The global edible oil industry

he global demand for edible oil is rising due to consumer demand, especially for the oils that contain low cholesterol and fat.  This is a direct fall out of health awareness among consumers.  Alongside, there’s also been great improvement in the retail network and increasing yields of crops that form the raw material for edible oils.  While the retail segment is drawing on a strong supply chain, vegetable oil consumption has increased in households due to an overall rise in their income.  Increase in consumption of fried foods is also driving demand.  Furthermore, the growing popularity of canola oil, trans-fat free soybean oil, and emerging preference for olive oil will drive the global market for edible oil.  While manufacturers are opting for advanced processing techniques to offer healthier and affordable oils, they are yet to fulfill the current global demand.
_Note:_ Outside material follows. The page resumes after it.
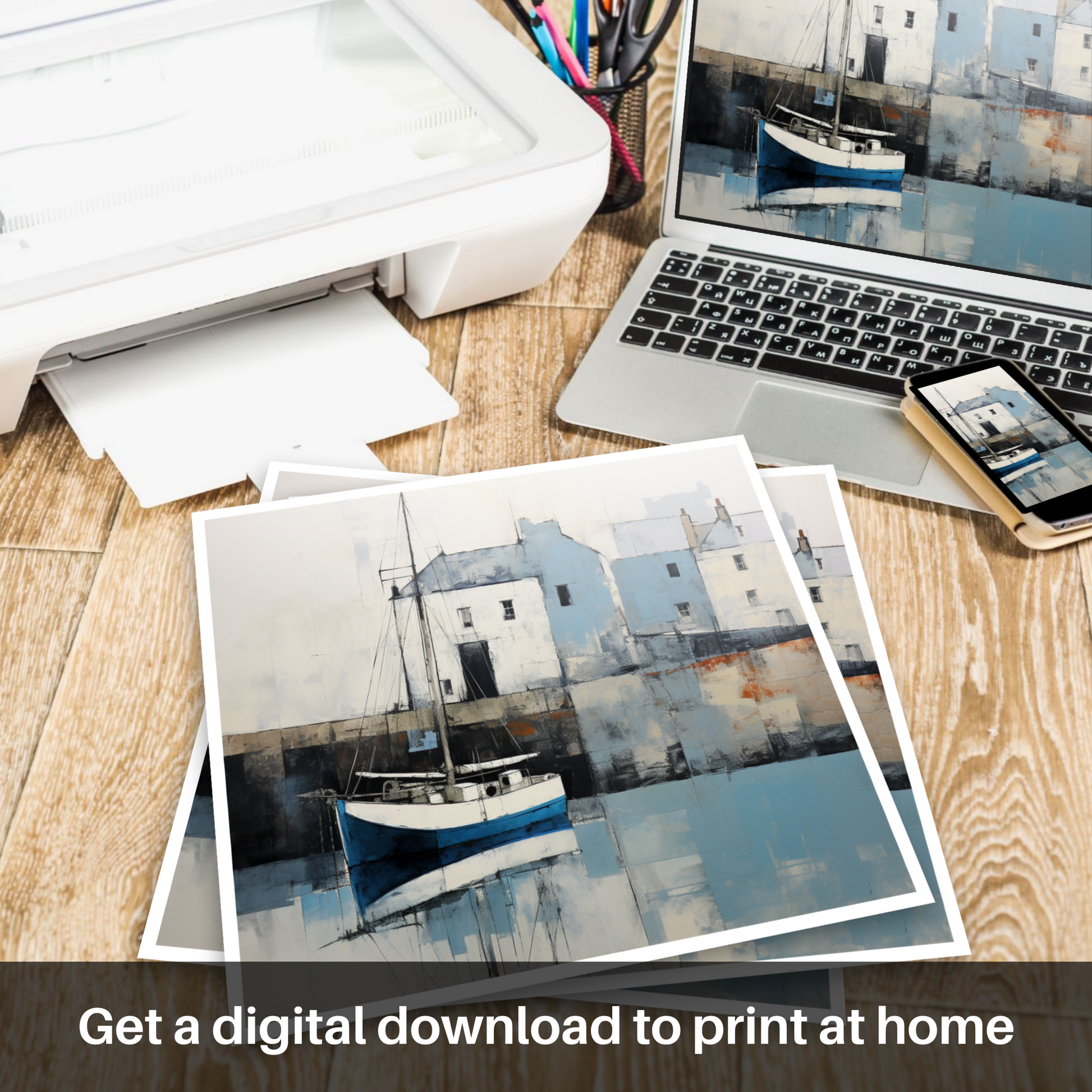 The backdrop of harbourside buildings is articulated with just enough detail to suggest weather-worn textures and the architectural charm without overwhelming the viewer. Their muted tones and geometric simplicity lend a timeless quality, allowing the depiction to transcend the immediate and invite the viewer into a contemplative state.
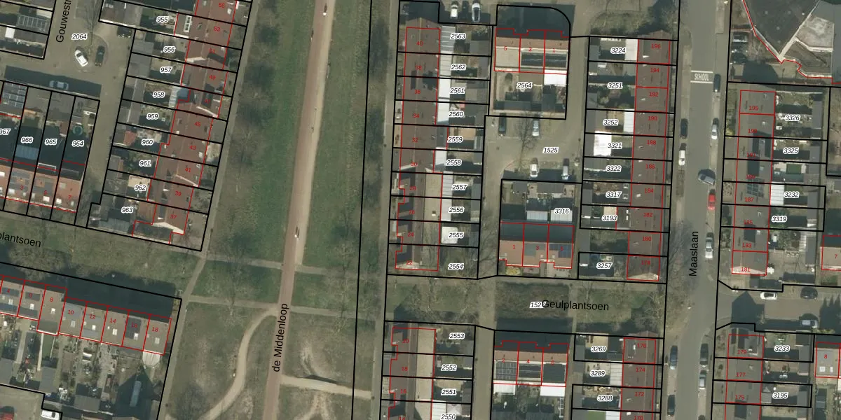 de Middenloop 26 is gelegen op kadastraal perceel HMD00O2556. Deze kadastrale aanduiding is uniek en wordt gebruikt door het Kadaster om eigendomsrechten en andere zakelijke rechten vast te leggen. Het perceel maakt onderdeel uit van de kadastrale gemeente Helmond.

How much is the industry worth?

The vegetable oil market alone [was] valued at 81 billion USD, according to a report published by Market and Markets, way back in 2012.  A CAGR of 2.5 per cent was estimated between 2012 and 2017, with the Asia-Pacific leading the global oil market, followed by Europe and North America, according to consumption patterns.   It hit 91.4 billion USD in 2017.

Market segmentation

In terms of types of oils, the market can be segmented into palm oil, canola oil, olive oil, sunflower oil and corn oil. Further, the vegetable oil market itself is divided into food, non-food and bio-diesel segments. This bio-diesel category is the fasted growing segment. In terms of geography, again, the market is segmented into Europe, Middle East and Africa, Latin America, North America and Asia Pacific. Two of the major markets for edible oils is China and India.

Trends in production and consumption

Edible oil producers are both national and international. A changing trend is seen in the U.S. and Europe, with the focus is gradually shifting to palm and palm kernel oils, given insufficient availability of soyabean and rapeseed, which are now servicing the bio-fuel industry.

In India, oils such as mustard, sunflower, groundnut, cottonseed and coconut show region-specific consumption with moderate price fluctuations. A new entrant to the edible oil market is rice bran oil, of which China is the largest producer, followed by India. While still in its nascent staage, it reports a high growth rate of nearly 14 per cent. Adani Wilmar is the largest producer, while local and regional players also hold a high stake. The sunflower oil market in India is showing steady growth too, surging at a healthy CAGR of 3.2%. Overall, the blended oil (a mix of various oils) segment has reported consistent growth.

Every edible oil segment is subject to a variety of factors that impacts their revenue – such as government policies and price hike. In India, for example, the highly fragmented market is populated with a large number of organized and local players. The new consumers belong to the SEC C, D and E- which are the middle and low income categories. This is because people are converting from loose oils to branded ones. There is also a constant trend of existing users upgrading to premium oils.

“With fast changing lifestyles and health awareness, demand shift to premium oils will increase at a faster pace”, says Sudhakar Desai, CEO of Emami Agrotech, which recently launched ‘Emami healthy and tasty’ brand.

How can digitization boost competitiveness over the long run?

In simple terms, digitization is about extracting insights out of data and taking action on them.

Every step of this would involve different types of collecting and processing data, and taking decisions based on them. These new technologies have helped executives gain unique perspectives. While quality assurance is of prime importance, digitization of several operations can greatly boost efficiency, as companies are constantly looking for solutions for better management and profitability, especially in an industry where margins are low. Digitization makes it possible for manufacturing companies to streamline their processes. Starting at any point in the value chain from product design at one end to service on the other, digitization of operations can take care of a company’s current requirements while gradually extend to other operations. Some of the ways in which digitization can help are:

  1. Optimizing processes, planning and maintenance measures
  2. Having data in hand to make sound business decisions
  3. Higher yields careful use of resources help to reduce operating costs in the long term

Traditionally, the edible oil industry has not been one of those sectors that jumped on the bandwagon of digitization.

Rather, it has been slower than many other industries that quickly embraced the change. But this is soon likely to turnaround, triggered by the decline in oil prices since mid 2014. Companies whose cash flows shrunk and had their orders dried up began looking for a way to return to profitability. This soul searching helped digitization become part of the answer, ushering in a new efficient model.

How does digitization structurally change the operations of a company?

In the new format, companies are willing to consider digitally driven commercial relationships between themselves and the suppliers as well as markets. This can raise capital efficiency, lower production costs and reduce the time to ‘first oil’. However, it does upset the traditional value chains by redefining roles: while the new models empower some companies, it makes others redundant.

Towards this, a structure approach works best, as companies often struggle with the complex process of change to the digital.